If only servants could be trained to fight battle-hardened warriors that easily. If he survived the coming struggle, which seemed unlikely, how many more dead faces would he have to endure? And would Glynnie’s be among them? If only things could go back to the way they were… but that offered no comfort, either. House Ricinus’s wealthy, privileged life had been built on the murder of innocents and the near slavery of its servants and serfs.
“Is Oosta back yet?” said Rix.
The chief healer was a law unto herself and, without telling Swelt or Rix, she had taken both her assistants to a village on the far side of the plateau two days ago, to attend a serious outbreak of buboes. They had not yet returned.
“No,” said Glynnie, “but I’ve had the healery scrubbed down and a dozen beds moved into the recovery room next door, and I’ve used her recipes to make extra balms and healing draughts. The amputation saws have been sharpened and…”

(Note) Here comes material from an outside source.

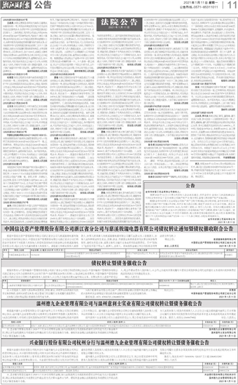中国信达资产管理股份有限公司浙江省分公司与慈溪骏瑞电器有限公司债权转让通知暨债权催收联合公告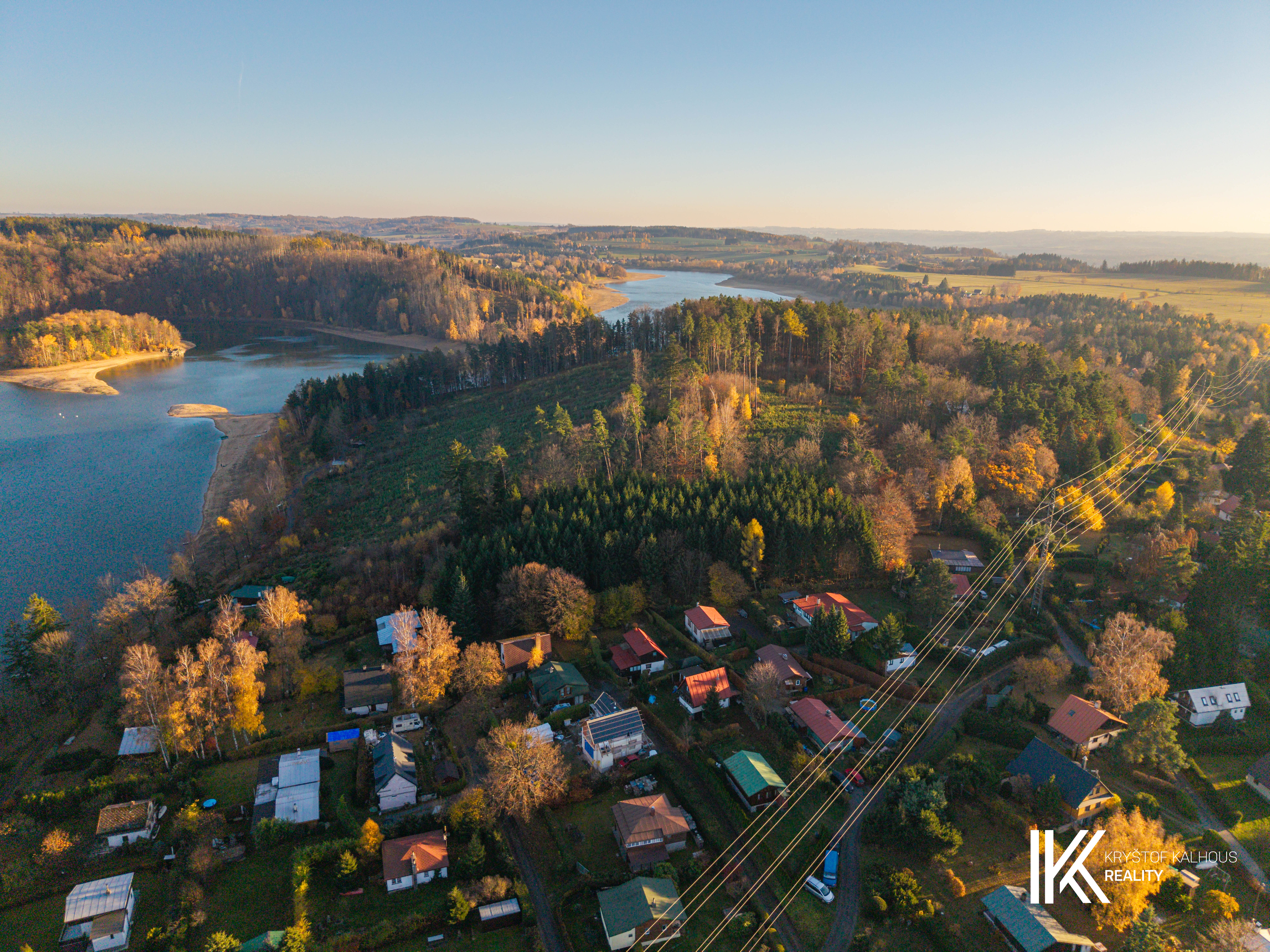 Chata stojí na samém okraji chatařské oblasti, takže díky své poloze jako poslední v řadě poskytuje dostatek soukromí. Přilehlá zahrada je orientovaná jihovýchodně a navazuje na malý háj, skrze který se dostanete během pár minut pěšky přímo k břehu přehrady.

What would I do without you? Rix thought. While I agonise, you just get on with all the jobs that need doing.
His belly was aching. He’d fought in various skirmishes before, but never a proper battle. War was a terrible business and, as Jadgery had shown, the most carefully laid plans could end in disaster. What if this great fortress fell, and all its people were put to the sword, solely because of his failures?
He turned his great-aunt’s field glasses towards the track that wound up the escarpment. Only glimpses could be seen from here, but anyone reaching the top of the track was immediately visible.
“How long until they come?” said Glynnie, beside him.
“No idea. Why did I make that foolish raid on Jadgery?”